To solve the problem of a ball projected vertically upward with an initial speed of 20 m/s and gravitational acceleration \( g = 10 \, \text{m/s}^2 \), we will go through the following steps:
### Step 1: Identify Given Data
- Initial speed, \( u = 20 \, \text{m/s} \)
- Acceleration due to gravity, \( g = 10 \, \text{m/s}^2 \) (acting downward, hence we will use \( -g \) in our equations)
### Step 2: Calculate the Distance Covered in the Second Second
To find the distance covered in the second second of motion, we can use the formula for displacement during the \( n^{th} \) second:
\[
S_n = u + \frac{a}{2} \cdot (2n - 1)
\]
Where:
- \( S_n \) is the distance covered in the \( n^{th} \) second
- \( u \) is the initial velocity
- \( a \) is the acceleration (which is \( -g \) here)
For the second second (\( n = 2 \)):
\[
S_2 = 20 + \frac{-10}{2} \cdot (2 \cdot 2 - 1)
\]
Calculating:
\[
S_2 = 20 - 5 \cdot 3 = 20 - 15 = 5 \, \text{m}
\]
### Step 3: Check the Second Option (Displacement in Second and Third Seconds)
We need to find the displacement in the third second (\( n = 3 \)):
\[
S_3 = u + \frac{a}{2} \cdot (2n - 1)
\]
For \( n = 3 \):
\[
S_3 = 20 + \frac{-10}{2} \cdot (2 \cdot 3 - 1)
\]
Calculating:
\[
S_3 = 20 - 5 \cdot 5 = 20 - 25 = -5 \, \text{m}
\]
The displacement in the second second is \( 5 \, \text{m} \) (upward), and in the third second, it is \( -5 \, \text{m} \) (downward). Therefore, the displacements are not equal.
### Step 4: Check the Third Option (Distance Covered in Second and Third Seconds)
The distance covered is the magnitude of the displacement:
- Distance in the second second: \( |S_2| = 5 \, \text{m} \)
- Distance in the third second: \( |S_3| = 5 \, \text{m} \)
Thus, the distances are equal, confirming that the third option is correct.

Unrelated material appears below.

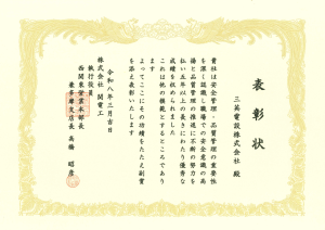 安全・品質の優秀な管理に対し、表彰状を頂戴しました!!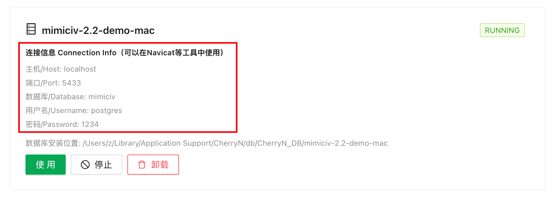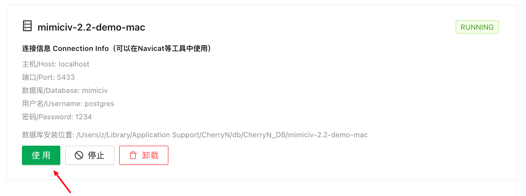 已安装的数据库列表中展示了连接信息(包括数据库名称、用户名、密码、端口等),可使用这些信息在 Navicat 中连接。

### Step 5: Calculate the Average Speed
To find the average speed over the total time of 4 seconds, we first need to calculate the total distance covered in each second:
1. **First Second** (\( n = 1 \)):
\[
S_1 = 20 + \frac{-10}{2} \cdot (2 \cdot 1 - 1) = 20 - 5 = 15 \, \text{m}
\]
2. **Second Second** (\( n = 2 \)):
\[
S_2 = 5 \, \text{m} \quad \text{(from previous calculation)}
\]
3. **Third Second** (\( n = 3 \)):
\[
S_3 = 5 \, \text{m} \quad \text{(from previous calculation)}
\]
4. **Fourth Second** (\( n = 4 \)):
\[
S_4 = 20 + \frac{-10}{2} \cdot (2 \cdot 4 - 1) = 20 - 5 \cdot 7 = 20 - 35 = -15 \, \text{m}
\]
### Total Distance Calculation
Total distance \( S \):
\[
S = S_1 + S_2 + S_3 + |S_4| = 15 + 5 + 5 + 15 = 40 \, \text{m}
\]
### Average Speed Calculation
Average speed \( V_{avg} \):
\[
V_{avg} = \frac{\text{Total Distance}}{\text{Total Time}} = \frac{40 \, \text{m}}{4 \, \text{s}} = 10 \, \text{m/s}
\]
### Conclusion
- Distance covered in the second second: \( 5 \, \text{m} \) (Correct)
- Displacements in second and third seconds are not equal (Incorrect)
- Distances in second and third seconds are equal (Correct)
- Average speed: \( 10 \, \text{m/s} \)